Non-surgical and minimally invasive surgical options for deteriorating joints may allow some patients to delay or avoid joint replacement surgery.
By Kim Waterman, Northwestern Medicine, Orthopedics May 15, 2019
Hip and knee joint replacements are among the most common elective surgical procedures performed in the United States [and Canada] today. However, some patients may be getting these surgeries sooner in life than desired or in situations when they don’t quite have end-stage arthritis of the hip or knee. Non-surgical and minimally invasive surgical options for deteriorating joints may allow some patients to delay or avoid joint replacement surgery.
“A joint replacement should be the last option for joint pain. Emerging treatments such as orthobiologics, advanced hip arthroscopy, cartilage restoration, meniscus transplantation, and osteotomy techniques can help adults and adolescents with pre-arthritic conditions regain full function,” said Brian Chilelli MD, orthopaedic surgeon and co-director of the Northwestern Medicine Hip and Knee Joint Preservation Center at Central DuPage Hospital.
The first level of treatment for most joint pain involves rest, activity modification, anti-inflammatory medications and physical therapy. If symptoms don’t improve, injections in the joint, including corticosteroids and hyaluronic acid, may help decrease inflammation and provide lubrication to the impacted areas. Dr. Chilelli says the newer biologic injectables also promote healing.
“One of the more well-studied orthobiologics is platelet rich plasma, or PRP,” said Dr. Chilelli. “The patient’s own blood is spun down in a centrifuge to concentrate the platelets, which is then injected back into the joint. Platelets contain proteins called growth factors which can help regulate joint homeostasis and potentially provide a healing response.”
If non-operative techniques fail, minimally invasive procedures include advanced hip arthroscopy for hip impingement and labral tears, cartilage restoration, meniscus repair and transplantation, and osteotomy techniques for both the hip and knee.
“The type of surgery depends on the location and size of the cartilage damage, the type of pre-arthritic pathology that may be deteriorating the joint quickly as well as the age and goals of the patient,” said Sanjeev Bhatia MD, orthopaedic surgeon and co-director of the Northwestern Medicine Hip and Knee Joint Preservation Center at Central DuPage Hospital. “Most procedures can be done using a tiny camera and scope through small incisions.”
On the hip side, advanced arthroscopic treatments can remove bone spurs that cause painful hip labral tears and accelerated hip cartilage damage through a process called femoroacetabular impingement (FAI), one of the leading causes of hip arthritis in the United States.
“Recent studies have shown that hip arthroscopy performed at tertiary care centers is more effective than conservative management for some patients with symptomatic FAI,” said Dr. Bhatia. “In addition to repairing or reconstructing labral tears, large bone spurs can be smoothed and sculpted during surgery, alleviating their irritation.”
On the knee side, arthroscopic debridement can smooth out loose fragments or flaps for patients suffering from mechanical pain in the knee. Meniscus surgery is aimed at preservation of this structure, given its important role in protecting knee cartilage. If accelerated knee cartilage damage is caused by malalignment, an osteotomy procedure can also be performed to realign the joint. In this procedure, the malaligned bone is cut, realigned and secured with a plate.

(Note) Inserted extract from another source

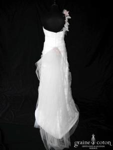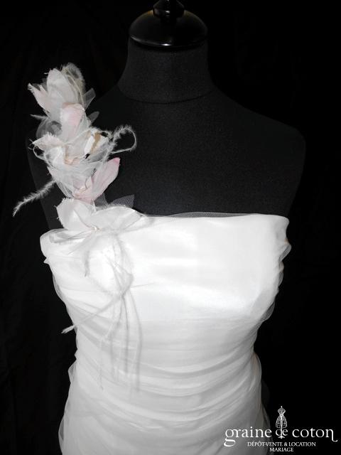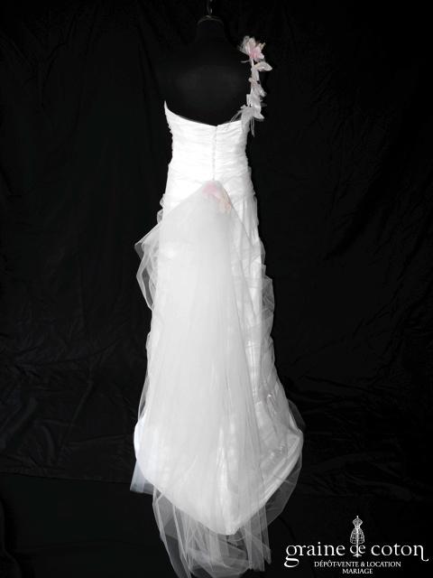 Robe demoiselle d’honneur blanche avec bustier roses en organza et jupe en tulle.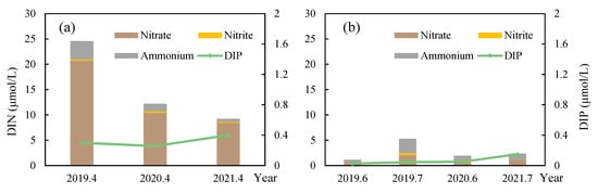 Average nutrient concentrations of Subei Shoal in April (a) and the Southern Yellow Sea in June and July (b) in 2019–2021. DIN: dissolved inorganic nitrogen (including nitrate, NO3−–N; nitrite, NO2−–N; and ammonium, NH4+–N); DIP: dissolved inorganic phosphorus.

For patients with a focal area of cartilage damage, cartilage from a healthy part of the body, or from a cadaver, can be transplanted to the defect. The newest technique, matrix-induced autologous chondrocyte implantation or MACI, can be used to restore knee cartilage in cases of medium to large defects.
“A sample of the patient’s cartilage is taken from a non-weight-bearing part of the knee. This sample tissue is sent to a lab, where cells are embedded in a special collagen membrane that promotes regeneration,” said Dr. Bhatia. “At the time of re-implantation, the new material, called the MACI membrane, is trimmed to the desired size and shape, and secured to the bone.”
Dr. Chilelli says with emerging science and new treatments, it is an exciting time for joint preservation; however, he warns patients to be cautious of false advertising for so-called “miracle” stem cell solutions.
“There is a wide variation in stem cell products and some products out there that claim to be stem cells are not,” Dr. Chilelli. “It is important to do your research and seek out the best evidence-based treatments backed by high-powered studies.”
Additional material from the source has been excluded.